Section 34: The Urysohn Metrization Theorem

1. A family of continuous functions $\{f_\alpha\}$ separates points from closed sets if for every closed set and a point not in it there is a function in the family such that it is constant on the closed set and takes a different value at the point.
2. The Imbedding Theorem: If $X$ is $T_1$ and $\{f_\alpha\}_{\alpha\in J}$ separates points and closed sets in $X$ then $(f_\alpha(x))_{\alpha\in J}$ is an embedding of $X$ in $\mathbb{R}^J$ . If all functions map $X$ to $[0,1]$ then the embedding is in $[0,1]^J$ .
3. A space is completely regular if and only if it is homeomorphic to a subspace of $[0,1]^J$ for some $J$ .
4. $\Rightarrow$ The Imbedding Theorem. $\Leftarrow$ A subspace of the product of completely regular spaces is completely regular.
5. The Urysohn Metrization Theorem: Regular + Second-countable $\Rightarrow$ Metrizable.
6. regular + second-countable implies normal + second-countable implies for a countable collection of pairs of basis neighborhoods such that $\overline{B}_m\subseteq B_n$ we can find a continuous function $g_{n,m}$ equal 1 inside $\overline{B}_m$ and 0 outside $B_n$ : this is a countable family of continuous functions that separates points from closed sets.

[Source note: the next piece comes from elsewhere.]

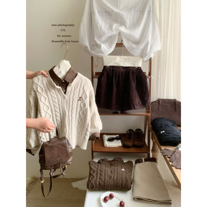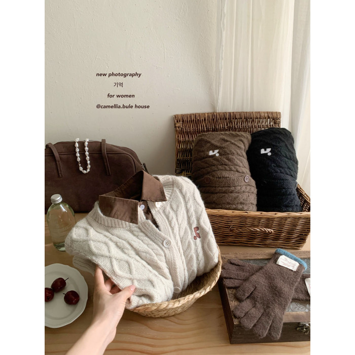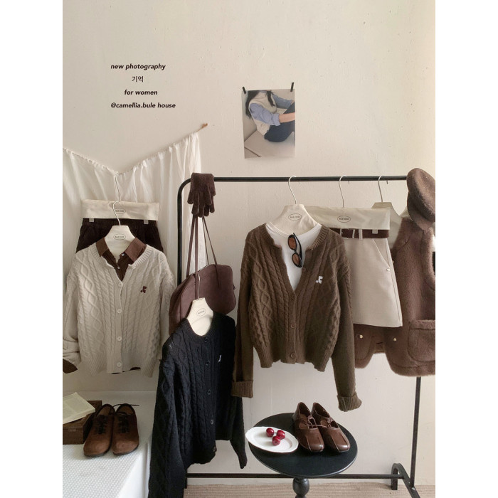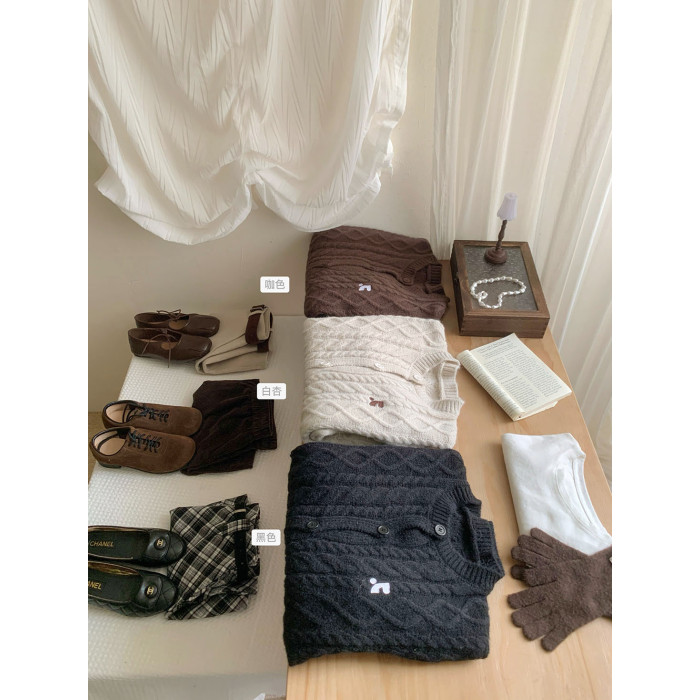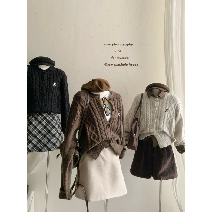 韓系麻花紋精緻刺綉針織毛衣女秋冬季溫柔設計感休閒開衫外套上衣

7. A regular second-countable space is homeomorphic to a subspace of the infinite-dimensional euclidean space $\mathbb{R}^\omega$ .

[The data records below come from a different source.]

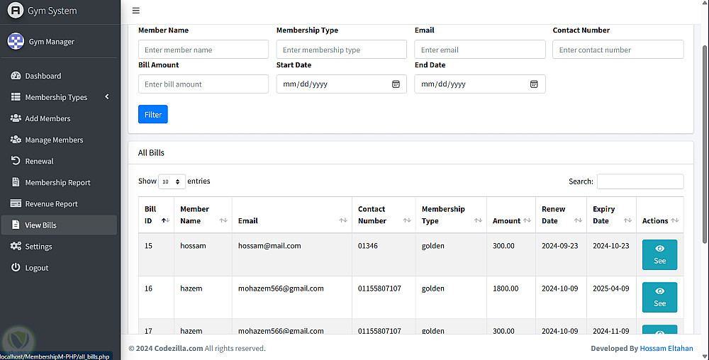 تم تطوير هذا النظام المتكامل لإدارة الصالات الرياضية باستخدام PHP وMySQL، ويشمل ميزات متنوعة مثل إدارة الأعضاء، تتبع المدفوعات، تسجيل العضويات، وتوليد الفواتير بشكل آلي. بالإضافة إلى ذلك، يوفر النظام تقارير إحصائية مفصلة عن العضويات المنتهية والإيرادات الشهرية. تم تصميم واجهة المستخدم باستخدام HTML، CSS، وBootstrap لتوفير تجربة استخدام سلسة وجذابة. كما تم استخدام قاعدة بيانات MySQL لتخزين البيانات بشكل منظم وآمن، مع ضمان الأداء العالي.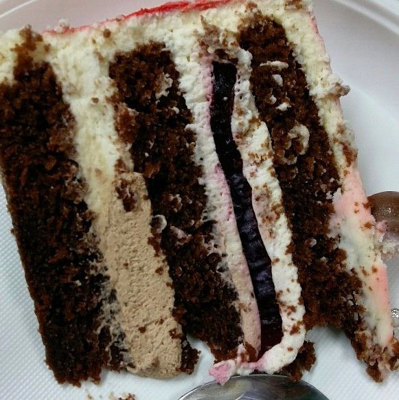 На нашу с мужем 10 годовщину свадьбы. Шоколадный бисквит, крем-чиз, взбитый ганаш на молочном шоколаде и прослоечка вишневого конфи. Разрез под кат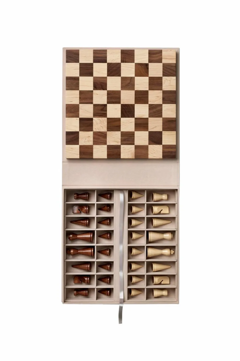 Minimalistisk skak er en raffineret version af det klassiske spil, designet til dem, der sætter pris på diskret elegance. Træbrættet har et tidløst, forfinet look og leveres i en beige, boglignende æske, der passer perfekt ind i din sofabordindretning. Et funktionelt design, der er lige så smukt at se på som at spille med.

8. Some facts about metrization that follow:
9. A second-countable space is metrizable iff it is regular.
10. A compact Hausdorff space is metrizable iff it is second-countable.
11. A compact Hausdorff space that is the union of two closed metrizable subspaces is metrizable.
12. The one-point compactification of a locally compact Hausdorff space $X$ is metrizable iff $X$ is second-countable.
13. So, if a locally compact Hausdorff space is second-countable then it is metrizable, but not vice versa: discrete uncountable.
14. A locally metrizable space is a space such that every point has a metrizable neighborhood (in the subspace topology).
15. A compact Hausdorff space is metrizable iff it is locally metrizable.
16. A Lindelöf regular space is metrizable iff it is locally metrizable.
17. $\mathbb{R}_K$ is Lindelöf Hausdorff and locally metrizable, yet not metrizable.